Source records:

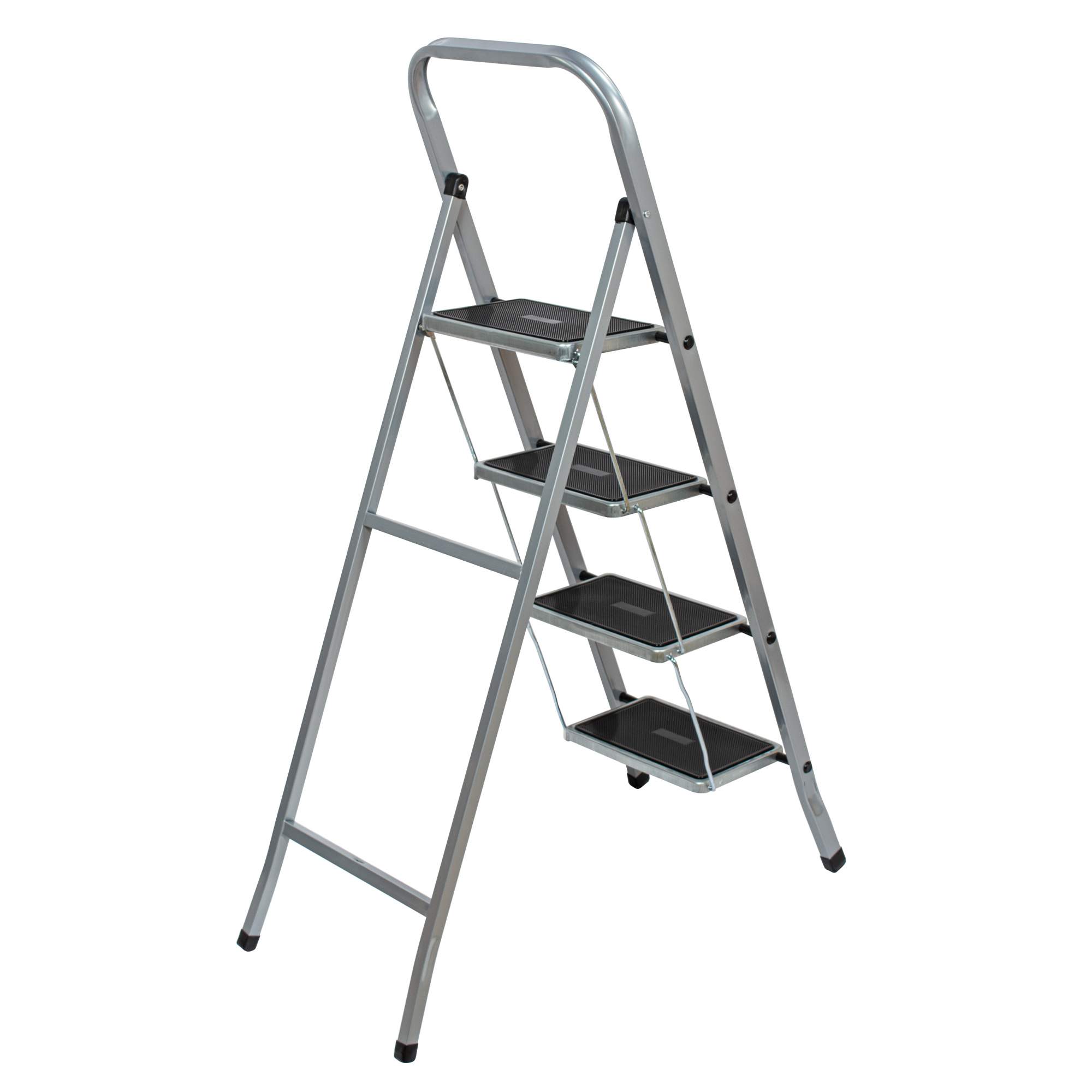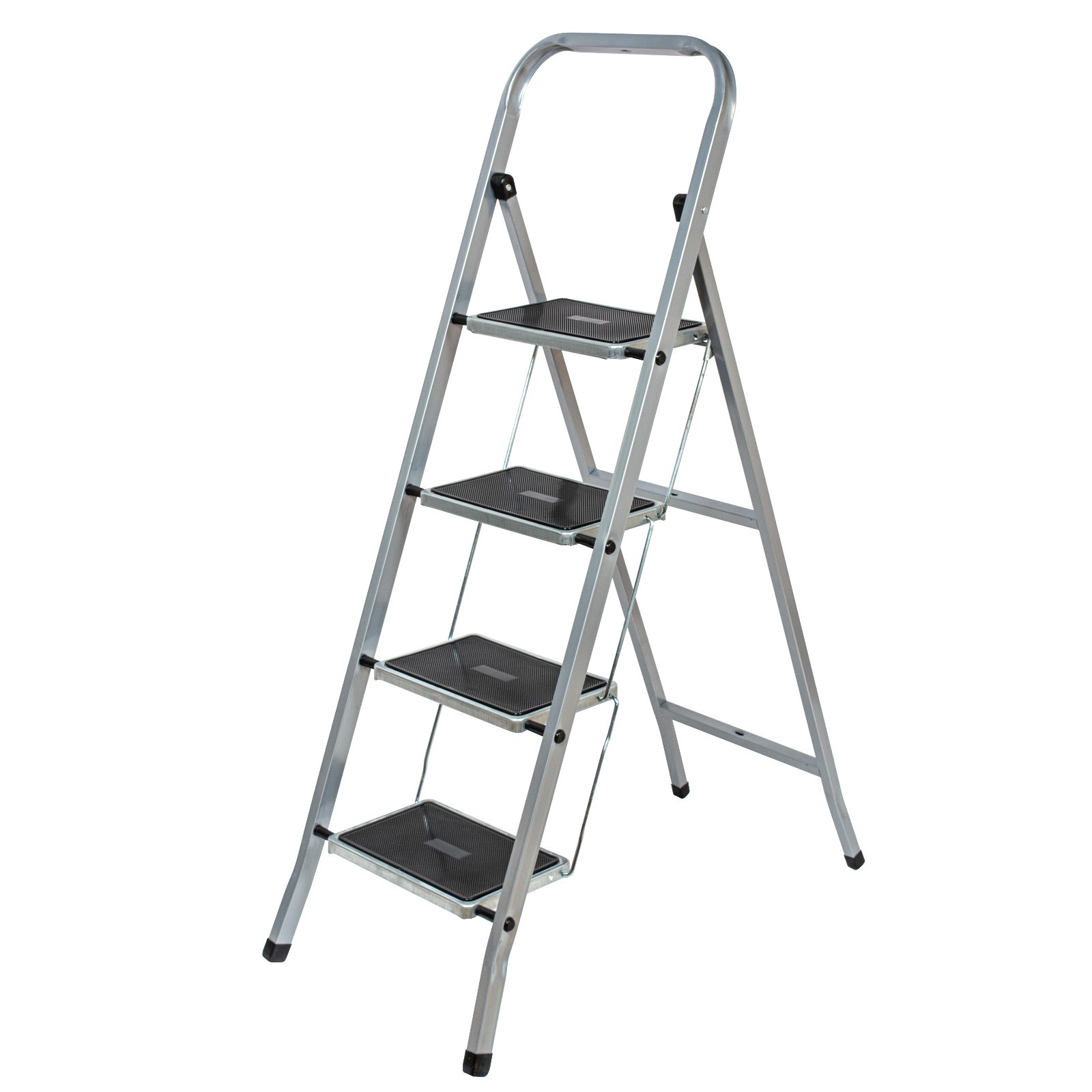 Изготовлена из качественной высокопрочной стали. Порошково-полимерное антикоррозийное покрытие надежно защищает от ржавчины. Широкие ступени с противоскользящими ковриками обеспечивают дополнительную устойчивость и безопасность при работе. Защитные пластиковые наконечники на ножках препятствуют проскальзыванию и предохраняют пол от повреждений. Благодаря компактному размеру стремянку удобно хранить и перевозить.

...

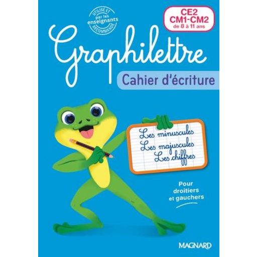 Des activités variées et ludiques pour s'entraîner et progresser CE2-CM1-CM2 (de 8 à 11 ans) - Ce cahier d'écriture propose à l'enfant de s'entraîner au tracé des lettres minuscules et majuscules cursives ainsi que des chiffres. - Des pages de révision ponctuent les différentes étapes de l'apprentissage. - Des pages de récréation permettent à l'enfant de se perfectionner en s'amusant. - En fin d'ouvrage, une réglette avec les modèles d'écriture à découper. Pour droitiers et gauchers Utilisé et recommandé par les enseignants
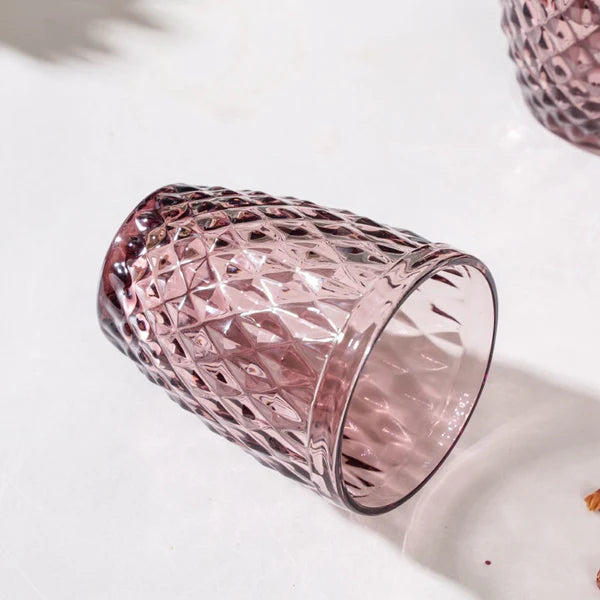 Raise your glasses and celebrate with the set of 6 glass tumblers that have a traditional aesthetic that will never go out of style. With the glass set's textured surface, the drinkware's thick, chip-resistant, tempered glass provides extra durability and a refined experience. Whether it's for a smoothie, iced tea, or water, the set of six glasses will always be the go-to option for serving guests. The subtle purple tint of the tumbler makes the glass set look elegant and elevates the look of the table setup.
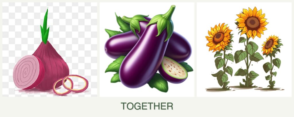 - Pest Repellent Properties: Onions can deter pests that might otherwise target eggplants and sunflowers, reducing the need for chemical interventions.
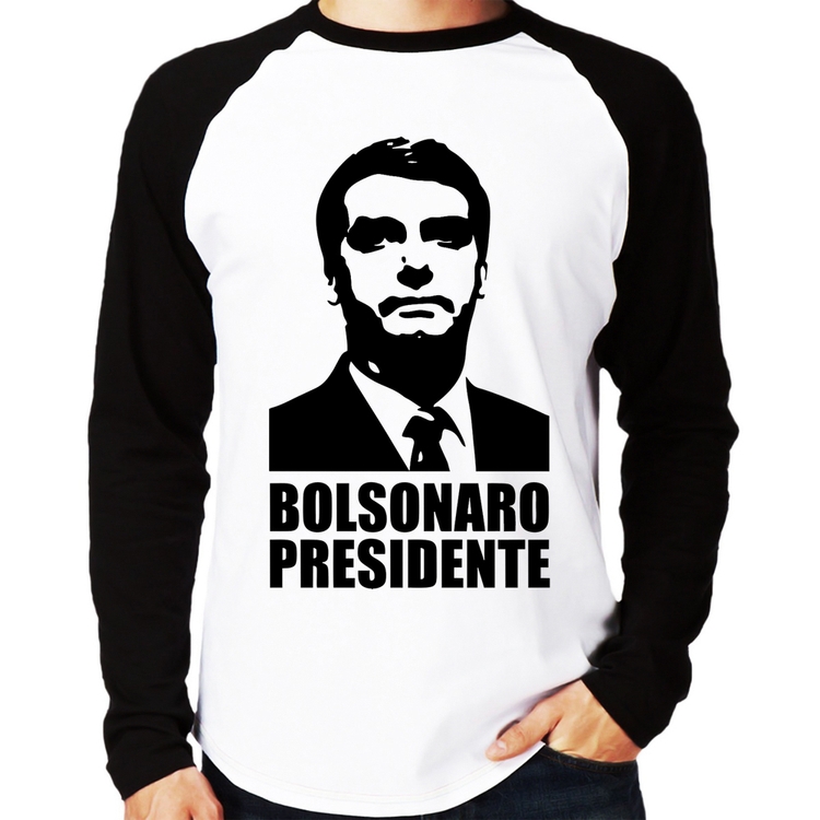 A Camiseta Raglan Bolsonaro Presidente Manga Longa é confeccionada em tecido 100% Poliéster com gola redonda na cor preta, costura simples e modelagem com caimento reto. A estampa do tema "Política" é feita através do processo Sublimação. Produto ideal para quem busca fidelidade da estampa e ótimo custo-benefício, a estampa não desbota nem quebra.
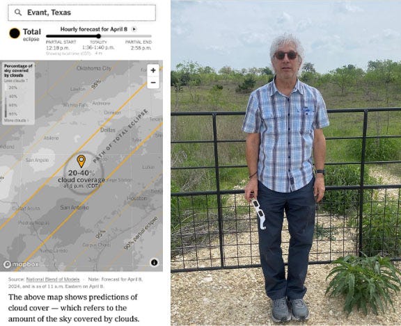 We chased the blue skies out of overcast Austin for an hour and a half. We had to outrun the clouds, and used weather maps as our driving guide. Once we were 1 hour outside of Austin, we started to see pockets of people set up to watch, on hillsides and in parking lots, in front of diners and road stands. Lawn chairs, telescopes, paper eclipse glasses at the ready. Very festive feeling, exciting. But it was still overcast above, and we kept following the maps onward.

About this exercise: Copy everything above from the line holding "- Pest Repellent" down to the line holding "We chased the", both ends included, exactly as it stands and without the pictures.

Result for this exercise:
 - Pest Repellent Properties: Onions can deter pests that might otherwise target eggplants and sunflowers, reducing the need for chemical interventions.
 A Camiseta Raglan Bolsonaro Presidente Manga Longa é confeccionada em tecido 100% Poliéster com gola redonda na cor preta, costura simples e modelagem com caimento reto. A estampa do tema "Política" é feita através do processo Sublimação. Produto ideal para quem busca fidelidade da estampa e ótimo custo-benefício, a estampa não desbota nem quebra.
 We chased the blue skies out of overcast Austin for an hour and a half. We had to outrun the clouds, and used weather maps as our driving guide. Once we were 1 hour outside of Austin, we started to see pockets of people set up to watch, on hillsides and in parking lots, in front of diners and road stands. Lawn chairs, telescopes, paper eclipse glasses at the ready. Very festive feeling, exciting. But it was still overcast above, and we kept following the maps onward.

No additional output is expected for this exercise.